We derive the geometric foundations of physics from a single axiom: "I AM I" — self-reference that closes. The derivation proceeds directly from closure to dimension to icosahedral geometry, establishing the icosahedron as the central mathematical object. From its structure emerge the dimensionless constants α (fine structure) and γ (Euler-Mascheroni). The key insight is the structure ratio e⁵ = e^(E/D!) = e^(30/6), where E = 30 edges and D! = 6 closure terms.

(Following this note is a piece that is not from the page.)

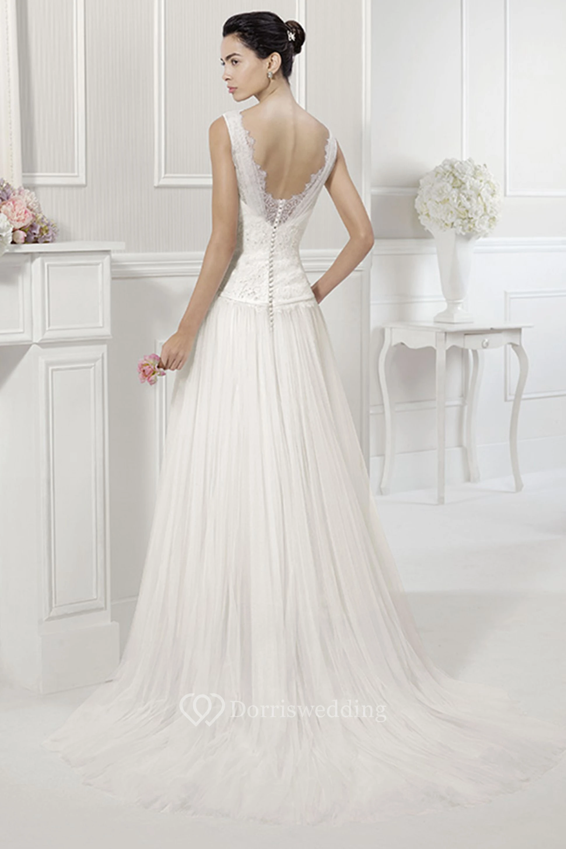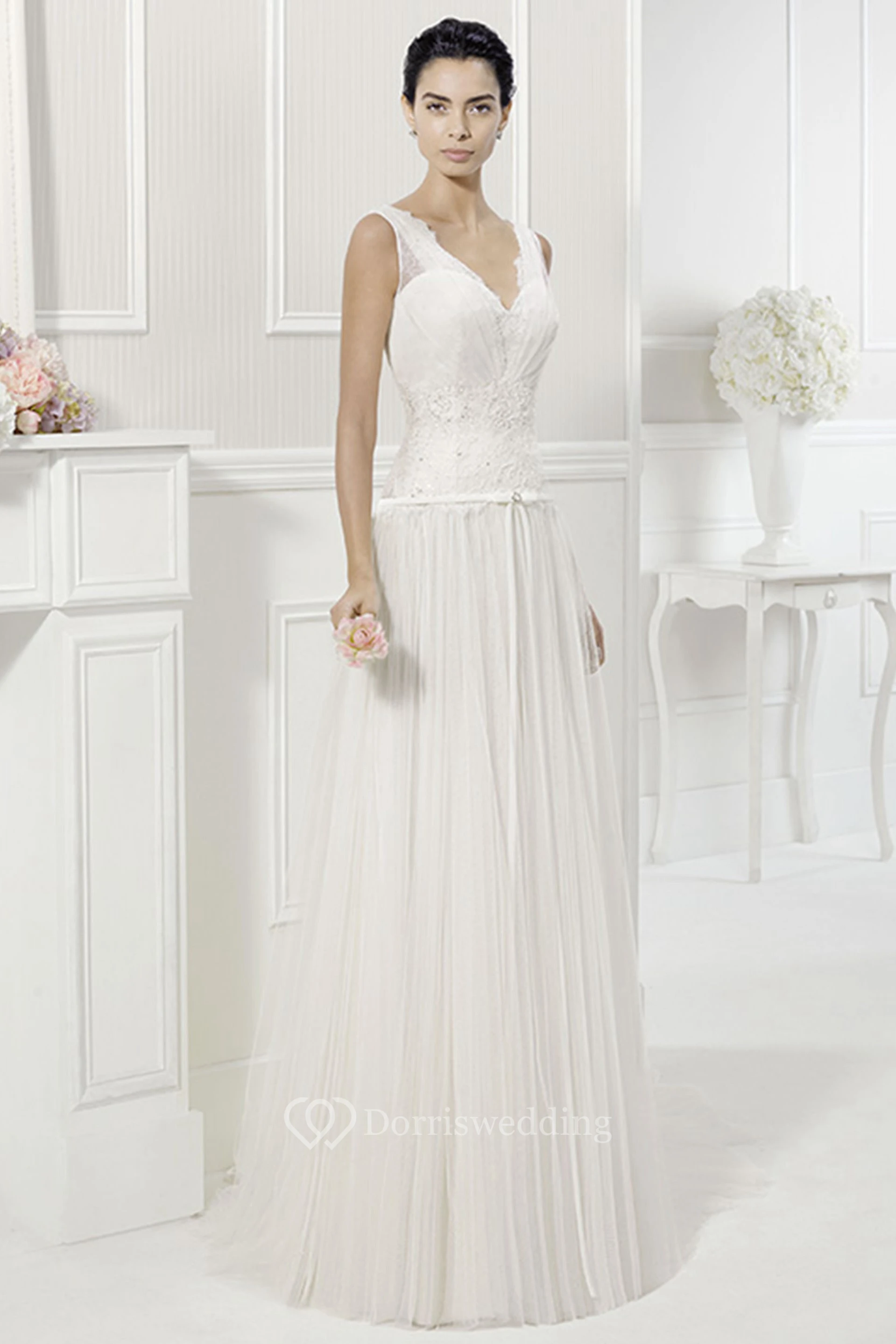 V Neck V Back Lace Drop Waist Tulle Bridal Gown With Belt
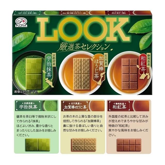 不二家+爆買日本+ FUJIYA LOOK 嚴選茶賞可可 9粒入 夾心可可塊 宇治抹茶/加賀棒焙茶/和紅茶 日本進口

This geometrically-determined exponent appears in the fine structure constant α⁻¹ = e⁵ − 6√3 − 1 + 1/66 (0.0σ match) and in nucleation theory as ΔG*/Q* = e⁵/1640. The same icosahedral geometry governs materials science: the glass transition occurs at 1/41 = 2.439% free volume, where 41 = V + E − 1 is the interior threshold. An independent arithmetic derivation through prime numbers (Appendix A) arrives at the same structure ratio e⁵, strengthening confidence through convergence. Spatial dimension D = 3 is derived via the unique identity D(D+1) = 2×D!, justified by the Borwein theorem. One constant (e). Zero free parameters. Everything derived.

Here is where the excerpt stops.